Leonora Corbett (28 June 1908 – 29 July 1960) was an English actress, noted for her charm and elegance in stage roles, and for a number of films made in the 1930s.

==Life and career==
Corbett was born in London, the daughter of Richard Ashwin Corbett, and was educated at Oxford High School. On leaving school she studied dress designing for two years, but decided that she would prefer the stage. She made her debut in a small part at the Everyman Theatre, Hampstead in 1927, and spent a season with the Festival Theatre Company at Cambridge. In 1930–31 she was a member of the repertory company of the Everyman, where she played a dozen roles ranging from the classics to recent works by A. A. Milne and Noël Coward. Her West End debut was in November 1931 in Lady in Waiting by Harry Graham and Jacques Natanson. The Times praised the gaiety and charm of her performance. The film producer Michael Balcon recruited her in 1932 for Gaumont-British, and she appeared in her first film, Love on Wheels, the same year. The critic in The Times was unimpressed by her screen performance: "In the début of Miss Leonora Corbett as a leading lady of the film there is more of promise than achievement. She affects a charm which she has not and neglects the charm which is hers on the stage."

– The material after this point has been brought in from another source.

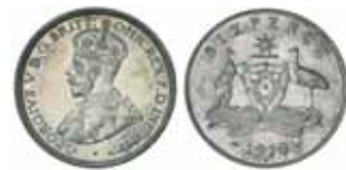
1896* George V, 1918M. Light peripheral toning, good extremely fine and rare in this condition.

In August 1932 Corbett appeared at the Malvern Festival under the directorship of Sir Barry Jackson, appearing with Cedric Hardwicke and Ralph Richardson in Shaw's Too True to Be Good, which transferred to the West End. Corbett made her Broadway debut in the role of the ghost, Elvira, in the first American production of Coward's comedy Blithe Spirit which ran for 657 performances from 5 November 1941. A later Broadway appearance was as Sybil Bennett in Park Avenue by George S. Kaufman, Nunnally Johnson, Arthur Schwartz and Ira Gershwin in 1947.

Corbett, who had been in a relationship with MP Robert Bernays until after the latter met his future wife, married John Francis Royal, formerly vice-president of the American National Broadcasting Company. She died in Vleuten in the Netherlands, aged 52. The obituarist in The Times wrote of her, "She had a style of her own in elegance and gaiety, well suited to the more sophisticated comedy of the thirties. Her charm and wit were as effectively employed off the stage as on it, and she found and gave much amusement in London society and later in Paris."

==Film roles==

- Love on Wheels – Jane Russell (1932)
- The Constant Nymph – Florence (1933)
- Friday the Thirteenth – Dolly (1933)
- Wild Boy – Gladys (1934)
- Warn London – Jill (1934)
- Lady in Danger – Marcelle (1934)
- Heart's Desire – Frances Wilson (1935)
- Royal Cavalcade – nurse (1935)
- Living Dangerously – Helen Pryor (1936)
- The Happy Family – Barbara Hutt (1936)
- The Price of Folly – Christine (1937)
- Farewell Again – Lady Joan (1937)
- I, Claudius – Caesonia (1937)
- Night Alone – Vi Hanway (1938)
- Anything to Declare? – Helaine Frank (1938)
- Under Your Hat – Carole Markoff (1940)
- Fingers – Bonita Grant (1940)

Source: British Film Institute.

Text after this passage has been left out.